_Raw data_
*** Block opens ***
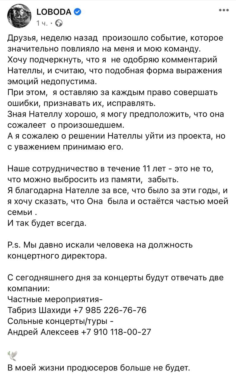 Зная Нателлу хорошо, я могу предположить, что она сожалеет о произошедшем. А я сожалею о решении Нателлы уйти из проекта, но с уважением принимаю его. Наше сотрудничество в течение 11 лет - это не то, что можно выбросить из памяти, забыть. Я благодарна Нателле за все, что было за эти годы, и я хочу сказать, что Она была и остаётся частью моей семьи. И так будет всегда. P.s. Мы давно искали человека на должность концертного директора. С сегодняшнего дня за концерты будут отвечать две компании: частные мероприятия - Табриз Шахиди, сольные концерты/туры - Андрей Алексеев. В моей жизни продюсеров больше не будет", - сообщила Светлана.
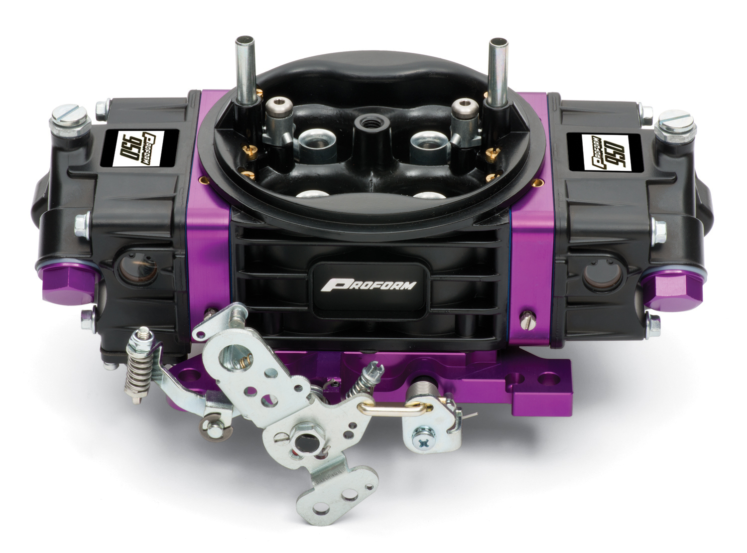 PROFORM Black Racing Series Carburetors with Black Diamond coating used on the main body and fuel bowls provides a durable finish which is impact resistant, and reduces fuel temperature based on thermal testing for enhanced performance. It is impervious to virtually all under hood chemicals and fuels, and is corrosion resistant. Each carburetor is hand assembled and tested in the U.S. utilizing the PROFORM High-Flow Carburetor Main Body, durable billet metering blocks, high performance billet throttle baseplate, and lightweight aluminum fuel bowls. PROFORM Black Race Series Carbs include Adjustable High-Flow Aluminum Main Body with Screw-In Air Bleeds, No Air Horn, Choke Tower, or Choke Control. Billet Throttle Base Plates have Adjustable Secondary Air Flow Cam Bracket, Solid Billet Construction, Timed and Full Vacuum Tubes for Tuning and Accessories, Button Torx Head Throttle Plate Screws, Power Valve Blow Out Protection, Progressive Slip Link Mechanical Secondary Linkage, Serviceable Throttle Levers, and Ford Kickdown. Billet Metering Blocks feature Solid Billet Construction, Durable, No Warping or Porosity Problems, and Changeable Idle Feed Restriction and are Manufactured in the U.S.A.! Aluminum Fuel Bowls feature Lightweight Aluminum Sight Glass Windows for easy float adjustment! Sold Individually.
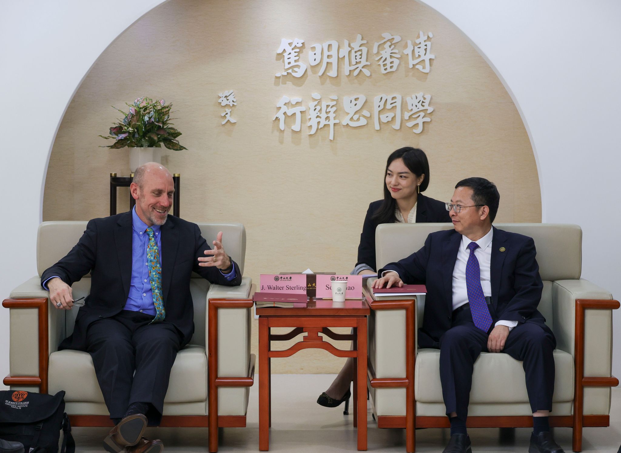 J. Walter Sterling (left), president of St. John's College, talks with Gao Song (right), president of SYSU.
*** Block closes ***
Pictures are to be dropped, and the remaining data set down exactly.

_Response_
 Зная Нателлу хорошо, я могу предположить, что она сожалеет о произошедшем. А я сожалею о решении Нателлы уйти из проекта, но с уважением принимаю его. Наше сотрудничество в течение 11 лет - это не то, что можно выбросить из памяти, забыть. Я благодарна Нателле за все, что было за эти годы, и я хочу сказать, что Она была и остаётся частью моей семьи. И так будет всегда. P.s. Мы давно искали человека на должность концертного директора. С сегодняшнего дня за концерты будут отвечать две компании: частные мероприятия - Табриз Шахиди, сольные концерты/туры - Андрей Алексеев. В моей жизни продюсеров больше не будет", - сообщила Светлана.
 PROFORM Black Racing Series Carburetors with Black Diamond coating used on the main body and fuel bowls provides a durable finish which is impact resistant, and reduces fuel temperature based on thermal testing for enhanced performance. It is impervious to virtually all under hood chemicals and fuels, and is corrosion resistant. Each carburetor is hand assembled and tested in the U.S. utilizing the PROFORM High-Flow Carburetor Main Body, durable billet metering blocks, high performance billet throttle baseplate, and lightweight aluminum fuel bowls. PROFORM Black Race Series Carbs include Adjustable High-Flow Aluminum Main Body with Screw-In Air Bleeds, No Air Horn, Choke Tower, or Choke Control. Billet Throttle Base Plates have Adjustable Secondary Air Flow Cam Bracket, Solid Billet Construction, Timed and Full Vacuum Tubes for Tuning and Accessories, Button Torx Head Throttle Plate Screws, Power Valve Blow Out Protection, Progressive Slip Link Mechanical Secondary Linkage, Serviceable Throttle Levers, and Ford Kickdown. Billet Metering Blocks feature Solid Billet Construction, Durable, No Warping or Porosity Problems, and Changeable Idle Feed Restriction and are Manufactured in the U.S.A.! Aluminum Fuel Bowls feature Lightweight Aluminum Sight Glass Windows for easy float adjustment! Sold Individually.
 J. Walter Sterling (left), president of St. John's College, talks with Gao Song (right), president of SYSU.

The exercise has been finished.